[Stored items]
::::

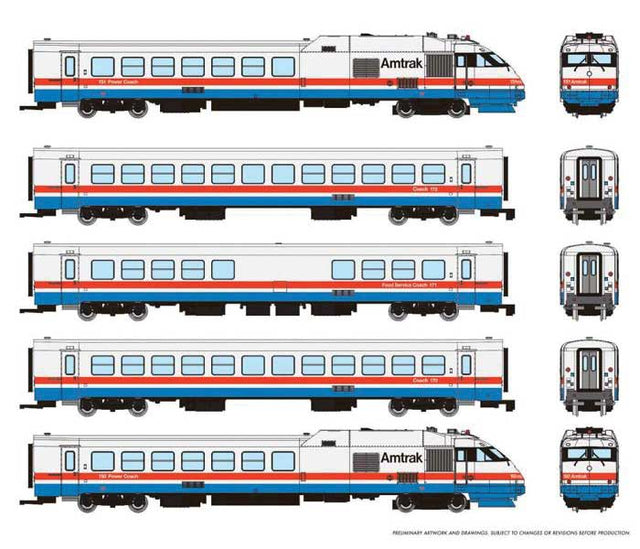 Rapido N-Scale Rohr RTL Turboliner 5-Unit Set - ESU LokSound and DCC -- Amtrak (Set #1, Phase III, Early; white, blue, red)
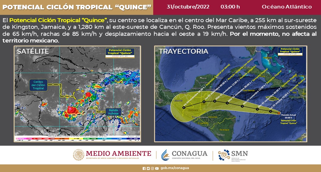 Pronóstico del clima para hoy lunes 31 de octubre en Quintana Roo. Este día, el frente frío número 6 adquirirá características cálidas en el oeste del Golfo de México y reforzará la entrada de humedad hacia el noreste del país, en interacción con un vórtice en niveles altos de la atmósfera y una vaguada polar, originarán lluvias fuertes a muy fuertes, descargas eléctricas, caída de granizo, rachas de viento de 50 a 70 km/h y posible formación de torbellinos y tornados en zonas de Coahuila, Nuevo León y Tamaulipas.
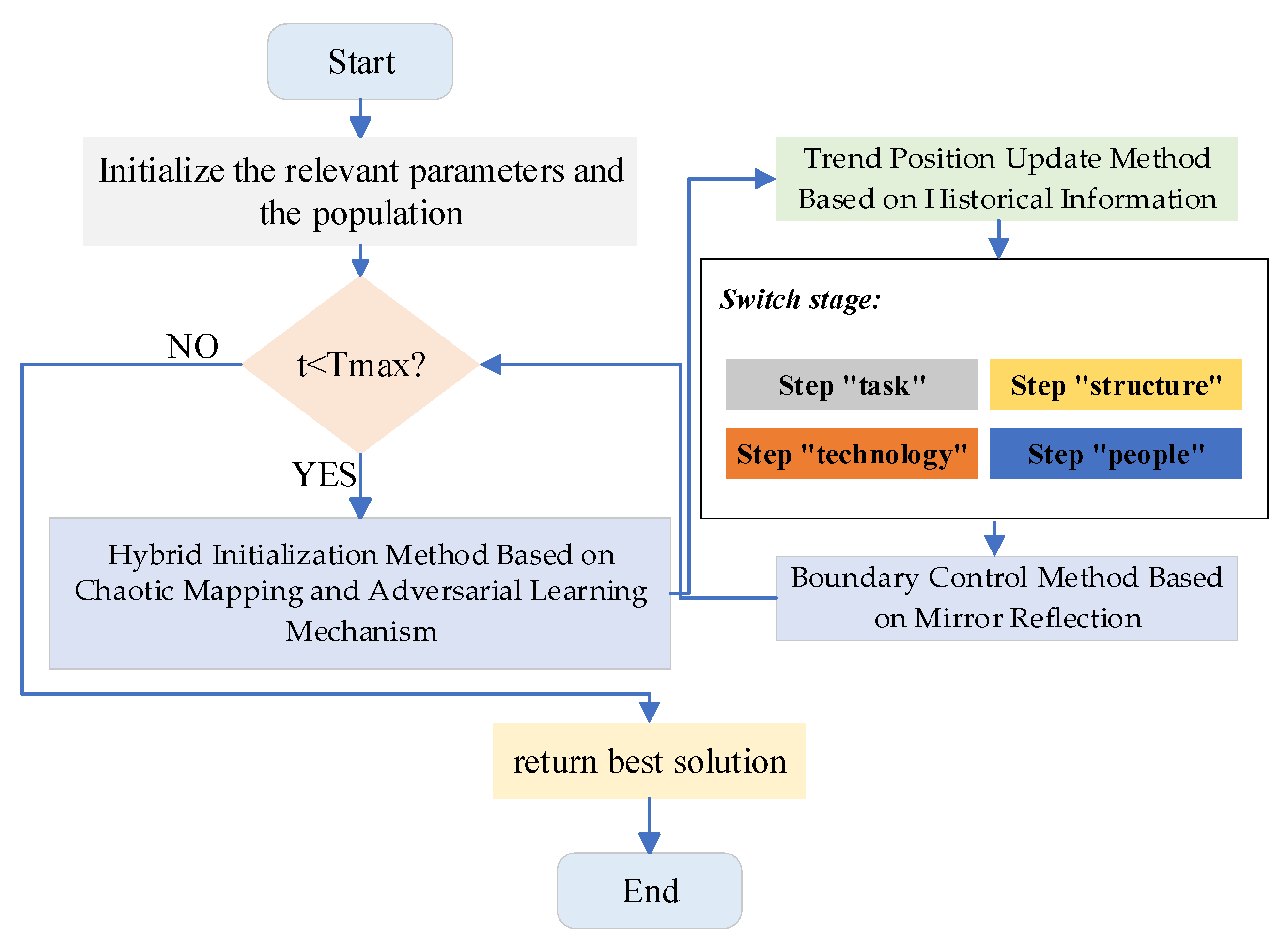We proposed a hybrid initialization method based on chaotic mapping and adversarial learning mechanisms to enhance the quality of the initial population, enabling the algorithm to better explore the solution space.
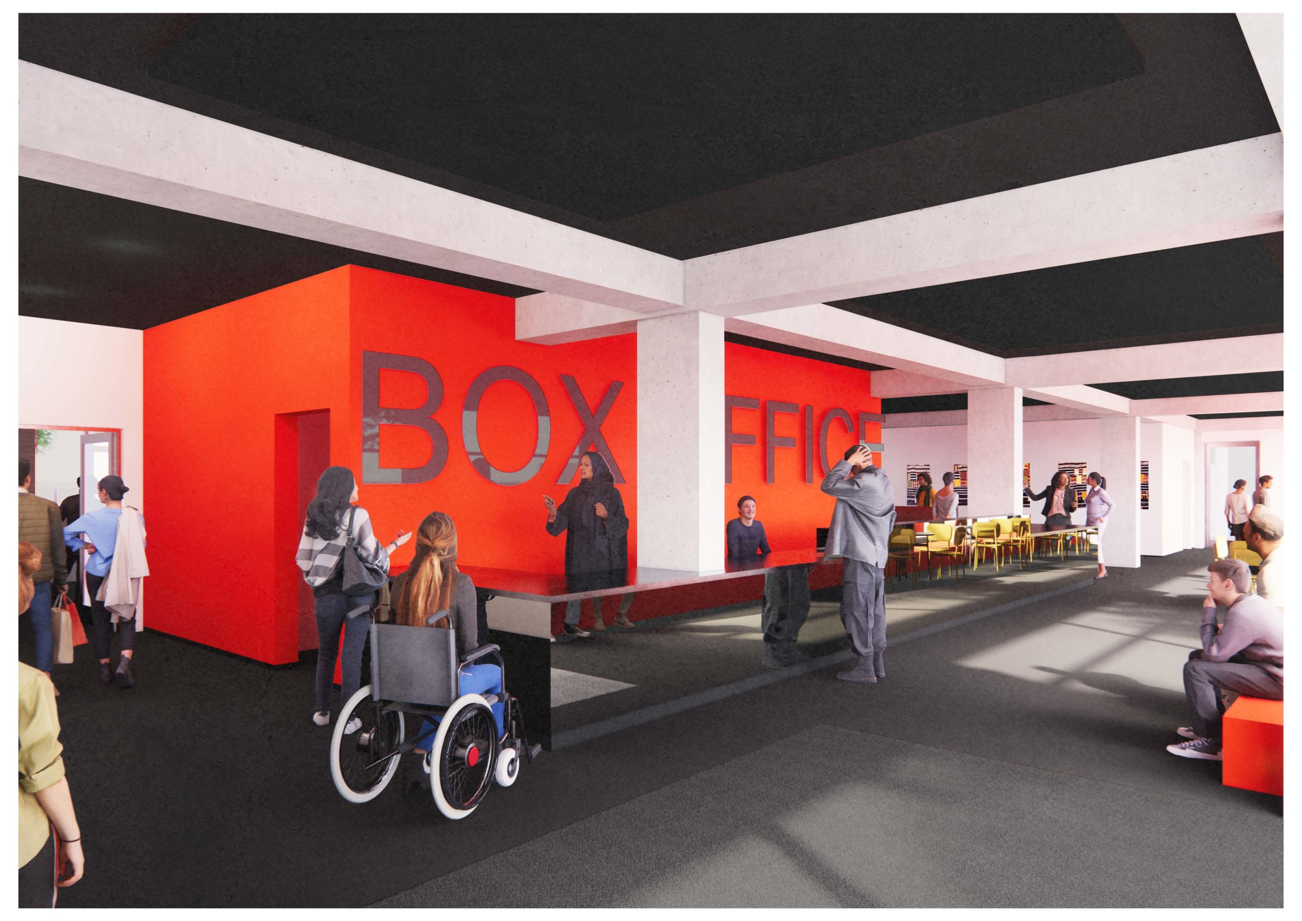 - This is the view as you enter from Bethnal Green Road. We want the entrance to feel spacious and welcoming, with a bigger box office, which will be accessible for team members and visitors.
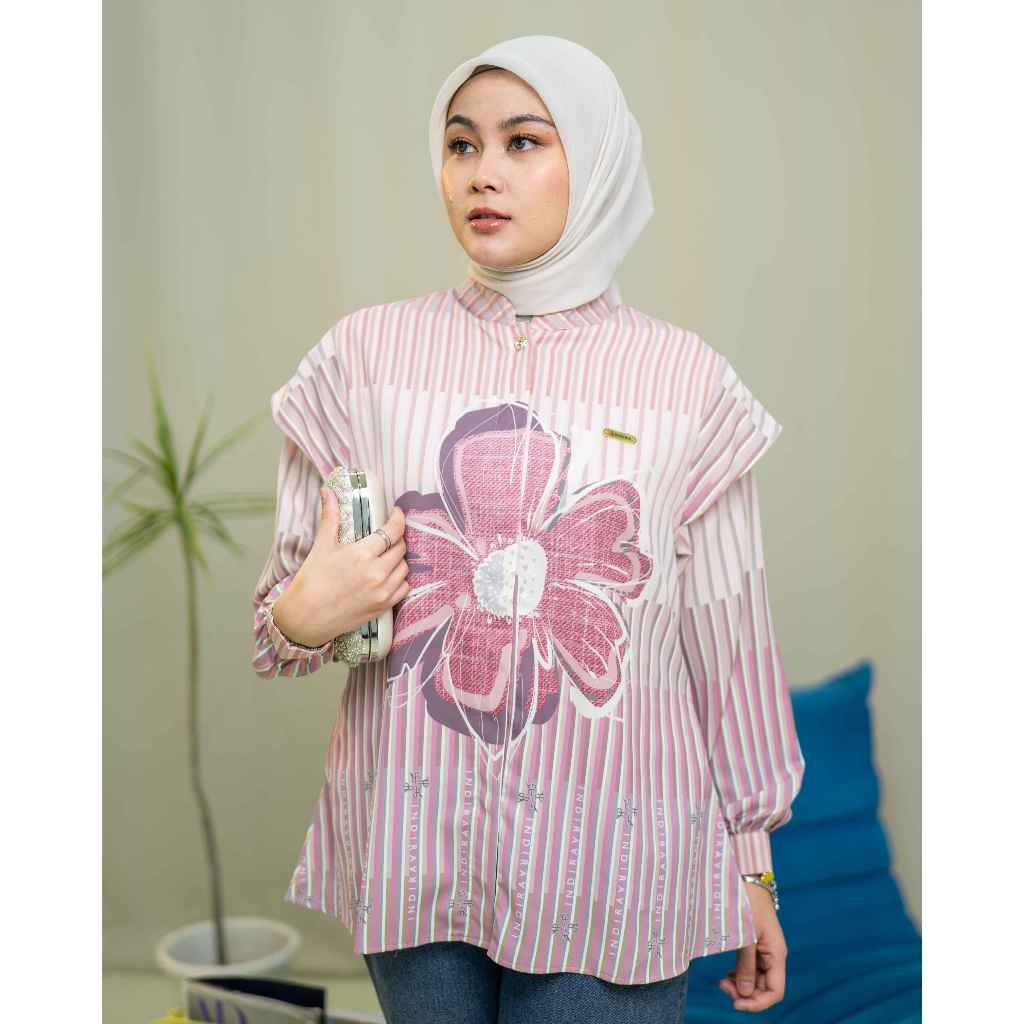 INDIRA Sandrina Top Motif Bunga Printed Premium Silk Full Kancing Ruffle Lengan Adjustable
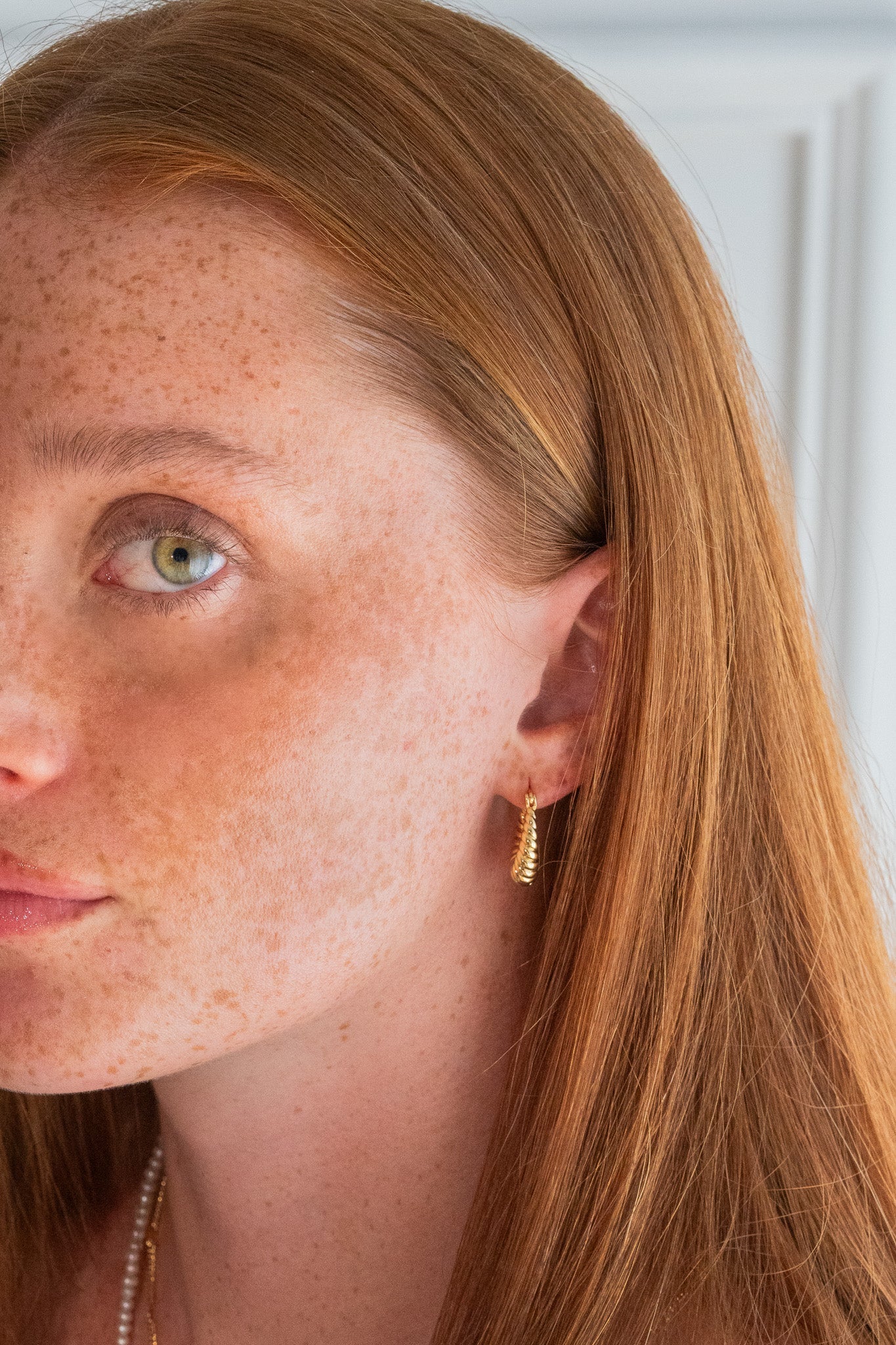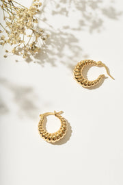 Bold meets timeless with the Sadie Hoops. Crafted in 16K gold-filled with a signature croissant twist design, these 20mm earrings bring a modern edge to a classic silhouette. The chunky shape and French lock latch closure offer both statement style and secure comfort.
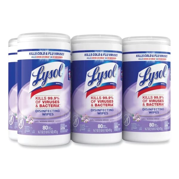 LYSOL Brand Disinfecting Wipes, 1-Ply, 7 x 7.25, Early Morning Breeze, White, 80 Wipes/Canister, 6 Canisters/Carton – Boost customer confidence with the recognizable canister of Lysol Disinfecting Wipes that’s ideal for high-visibility locations. Pre-moistened disinfecting wipes kill 99.9% of viruses and bacteria, including the virus that causes COVID-19 when used as directed on hard, non-porous surfaces. Hospital-type disinfection works on a variety of surfaces, including electronics. Quickly clean and disinfect high-touch germ hot spots to help protect your customers and staff. Clean up and keep moving with packaging that’s easy to open, dispense, and store.
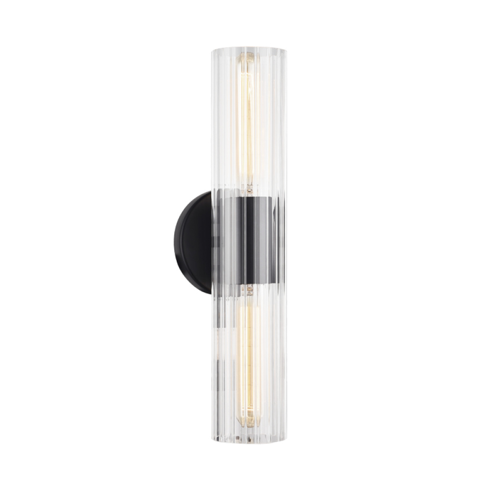 An elegant collection that features intricate detailing of clear ribbed glass. The versatility of this collection allows the fixtures to be mounted vertically and horizontally. Odette is available in 3 finishes: Aged Gold Brass, Black and Chrome as well as 2 sizes; a perfect touch to illuminate any space.

::::

▶ **What to produce**
Copy the lines above between the one holding "Pronóstico del clima" and the one holding "INDIRA Sandrina Top", inclusive. Drop the pictures.

▶ **Answer section**
 Pronóstico del clima para hoy lunes 31 de octubre en Quintana Roo. Este día, el frente frío número 6 adquirirá características cálidas en el oeste del Golfo de México y reforzará la entrada de humedad hacia el noreste del país, en interacción con un vórtice en niveles altos de la atmósfera y una vaguada polar, originarán lluvias fuertes a muy fuertes, descargas eléctricas, caída de granizo, rachas de viento de 50 a 70 km/h y posible formación de torbellinos y tornados en zonas de Coahuila, Nuevo León y Tamaulipas.
We proposed a hybrid initialization method based on chaotic mapping and adversarial learning mechanisms to enhance the quality of the initial population, enabling the algorithm to better explore the solution space.
 - This is the view as you enter from Bethnal Green Road. We want the entrance to feel spacious and welcoming, with a bigger box office, which will be accessible for team members and visitors.
 INDIRA Sandrina Top Motif Bunga Printed Premium Silk Full Kancing Ruffle Lengan Adjustable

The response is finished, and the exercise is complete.